Yes, and I adjust my code accordingly to conform to the rules. However, this is quite irrelevant to your faulty advice because 1) you're just plain wrong, and 2) most of the time, one is not writing code for a competition.
>I know that cin and cout ARE slower.
It depends on what you're testing. Obviously you aren't aware that cin and cout are fully functional objects with a great deal more power and flexibility than scanf and printf. If all you're doing is printing strings then I would expect a naive test to show printf to be faster. However, and this relies heavily on the quality of the implementation, on modern compilers with comparison code written by someone objective and knowledgeable, you won't see much difference in speed.
>You want proof, here it is.
Heh, what are you doing, timing it with a stopwatch?

Give me your profiler's output, add some timing framework, or don't even waste my time with such a silly test. Oh, and if you're trying to prove something, give me details on your compiler and system.
Let's try this one instead. It's rough, and not entirely portable, but it should give you approximate times for your implementation. Mine shows comparable speeds where the difference varies between printf and cout, and the difference is negligable. That kind of flies in the face of your assertion, doesn't it?
#include <iostream>
#include <cstdio>
#include <ctime>
int main()
{
std::clock_t start1, start2;
double diff1, diff2;
start1 = std::clock();
for ( int i = 0; i < 100000; i++ )
std::cout<<"a";
diff1 = ( std::clock() - start1 ) / (double)CLOCKS_PER_SEC;
start2 = std::clock();
for ( int i = 0; i < 100000; i++ )
printf ( "a" );
diff2 = ( std::clock() - start2 ) / (double)CLOCKS_PER_SEC;
std::cout<<"cout: "<< diff1 <<'\n'
<<"printf: "<< diff2 <<'\n';
}
>And do you know why?
Yes, I do. That makes one of us. :rolleyes:
>It is because cin and cout everytime have to get the type of the variable you are sending to them
When making a joke, it's customary to add the appropriate smiley. Otherwise I'd be inclined to think that you're spouting nonsense on a subject that you clearly know very little about.
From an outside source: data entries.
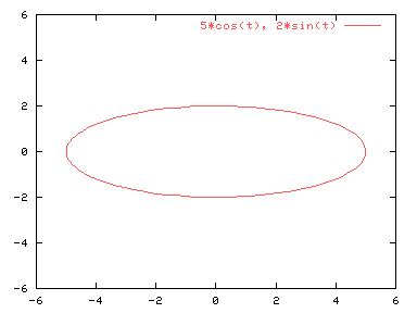 Por ejemplo, para representar las ecuaciones x=5*cos(t), y=2*sin(t):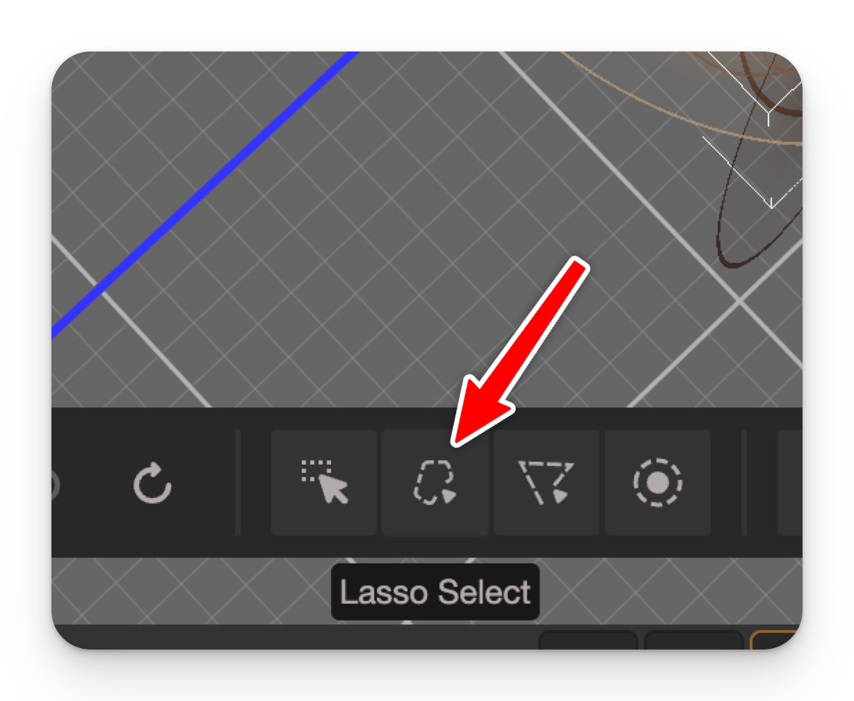 Lasso Select(or another selection tool). Select the splats to delete. Tip: rotate the asset for better visibility.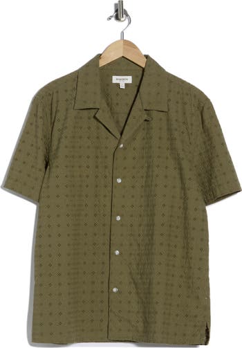 Lightweight cotton and airy embroidered eyelets are designed to keep you comfortable while looking sharp in a short-sleeve, button-front shirt framed by a notch collar.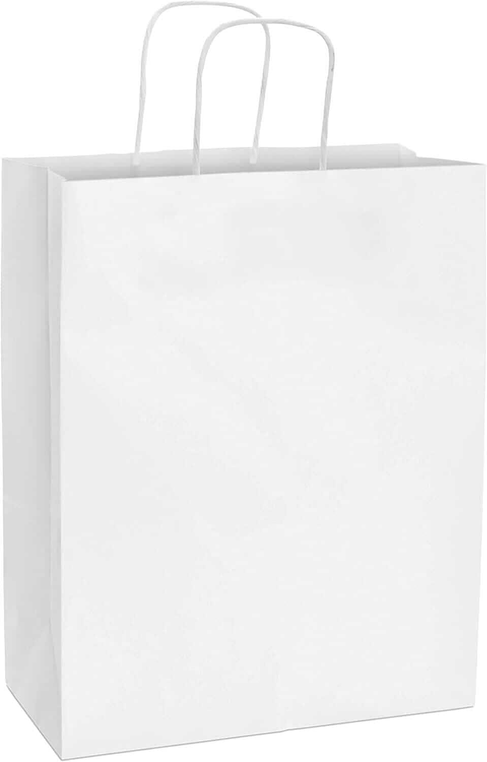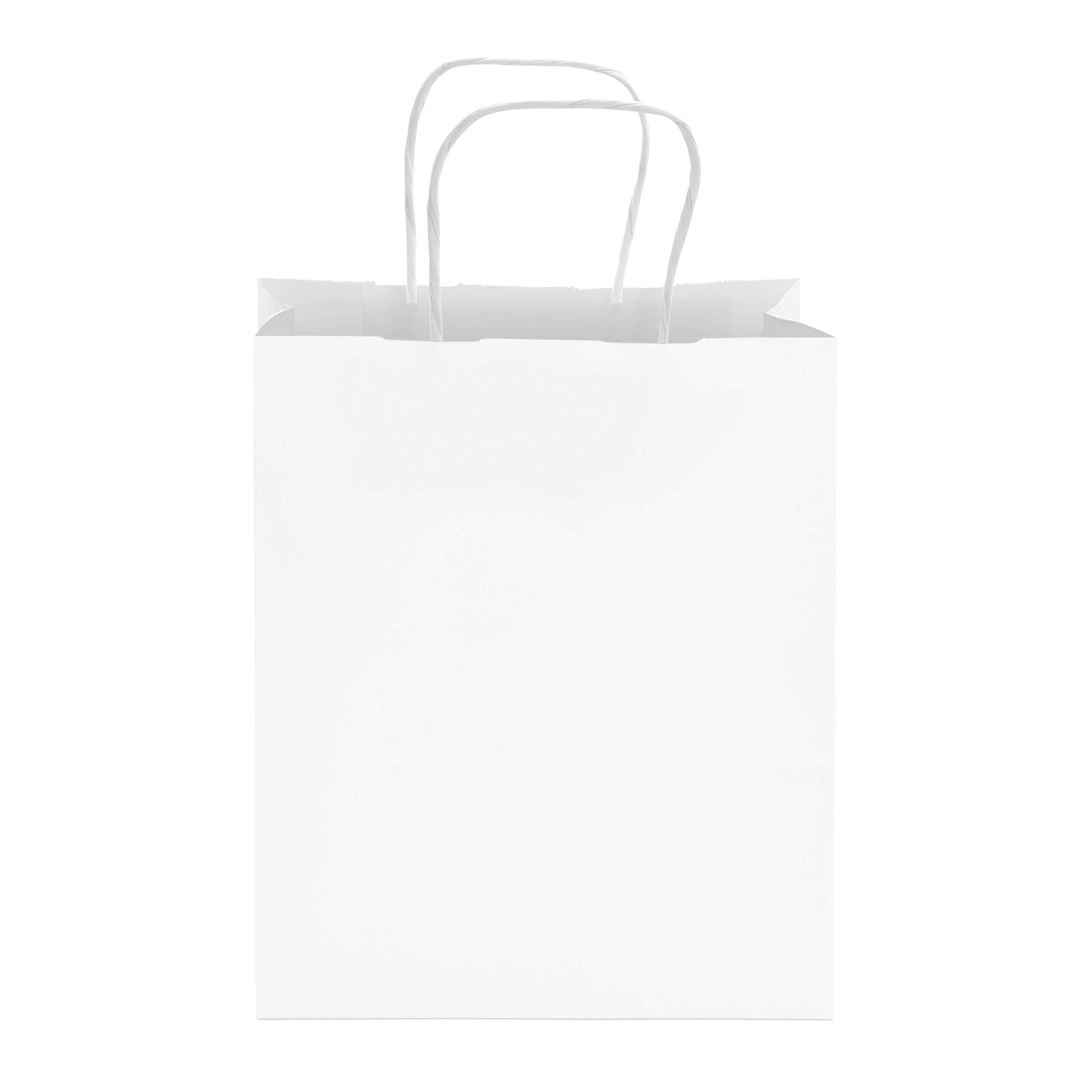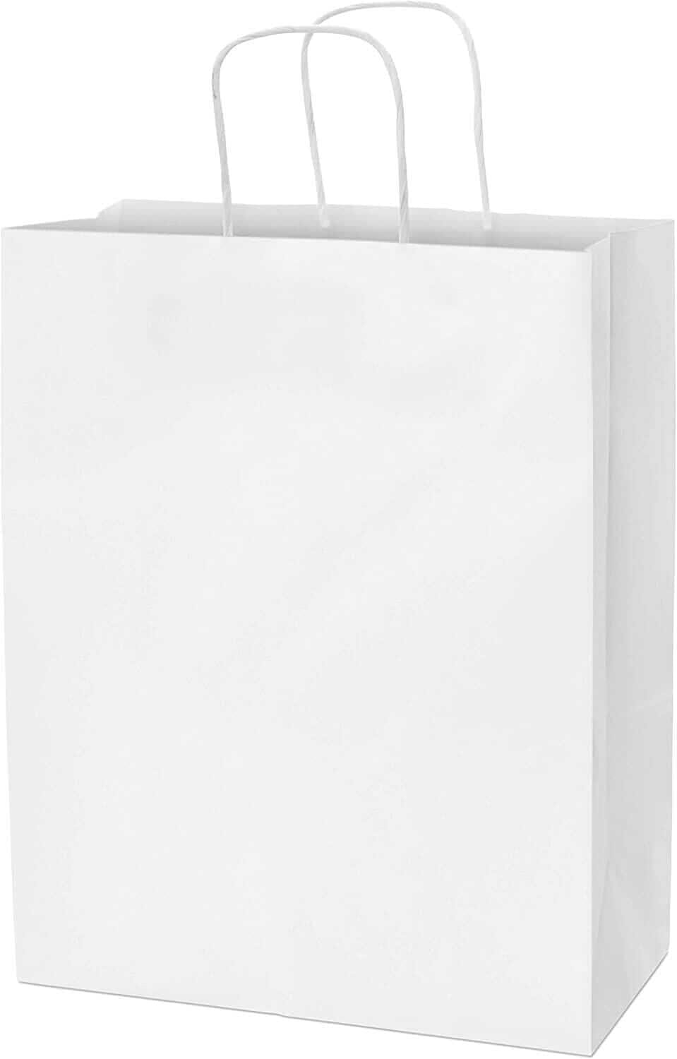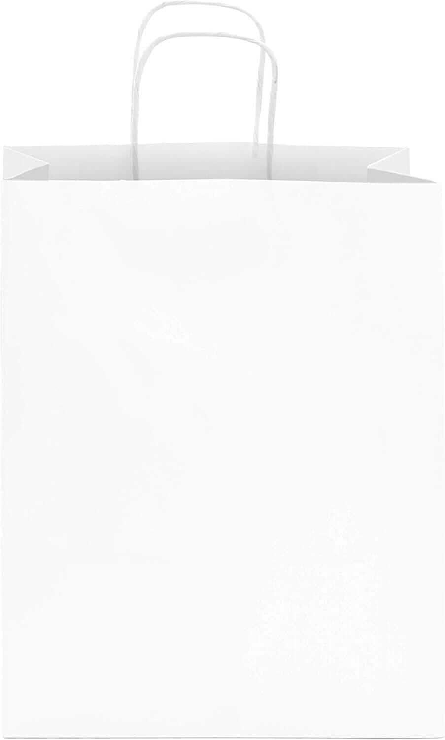 Made by Prime Line Packaging, our 10x6.75x12 inch takeout size white paper bags with handles are the perfect option for either personal or professional everyday uses. Made from 120 GSM FSC certified recyclable kraft paper to ensure maximum load quality and durability, each medium white paper bag comes in your choice of either 50 or 100 packs of bulk bags so you can always have the right amount of paper bags on hand for your small business, boutique, event, or special occasion. Our white kraft paper bags are equipped with sturdy patch reinforced paper twisted handles so you can carry them without having to worry about unwanted rips or tears, while maintaining optimal carrying comfort. Each 10x6.75x12 Inch paper bag is constructed with a squared bottom for easy standup while either loading or unloading. Traditional white paper bags with handles are the perfect option to serve as merchandise bags for your customers and patrons, restaurant bags, party favor holders, creative gift-giving options for your friends and family, or bags for everyday packing and storage use. For the creative mind or the small business owner, these bags can be customized in a variety of ways, serving as a blank canvas to embellish with your business’ logo or to tailor to your own liking with stickers, markers, paints, stamps, ribbons, tissue paper, and more. Kraft paper bags are a popular choice amongst retailers and individuals alike and are versatile in their uses including gift bags, goodie bags, favor bags, shopping bags, takeout bags, and bags for weddings, showers, holidays, and events. Prime Line Packaging’s line of white kraft bags can accommodate any need or event, from gift giving or party favors to customer purchases and take-out orders. Regardless of your needs, the design of these bags and their durable paper twist handles gives them a touch of sophistication while remaining strong when you need them to be.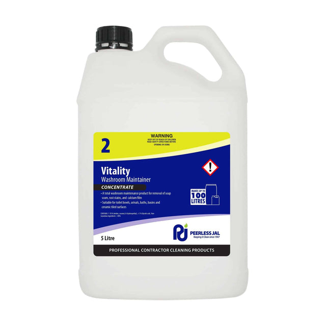 Vitality is an organic formula acidic washroom cleaner that removes soap scum from baths, showers, hand basins and tile surfaces, and calcium, verdigris and rust stains from toilet bowls and urinals.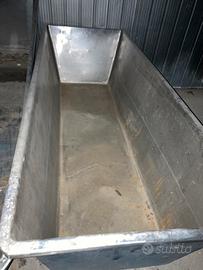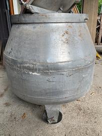 Vendo per inutilizzo. Botti acciaio inox spessore 11 mm con dimensioni diametro 80 cm altezza circa (sotto hanno le ruote) cm 56 al netto ruote- contengono circa 280 litri. Vasche inox circa 2 mt x 80 cm 2 con buco scolo 2 senza e vasca alluminio più piccola misure in foto. Esempio di botte trasformata tipo griglia weber

My only conclusion is that you're trying to be smart and failing miserably because you seem to be talking to someone who knows way more about C++ than you do.
>and scanf() and printf() from their prototype know what kind of variables to expect.
And in what way do you think that the runtime type selection from a format string with scanf/printf is faster than selecting an overloaded function at compile time?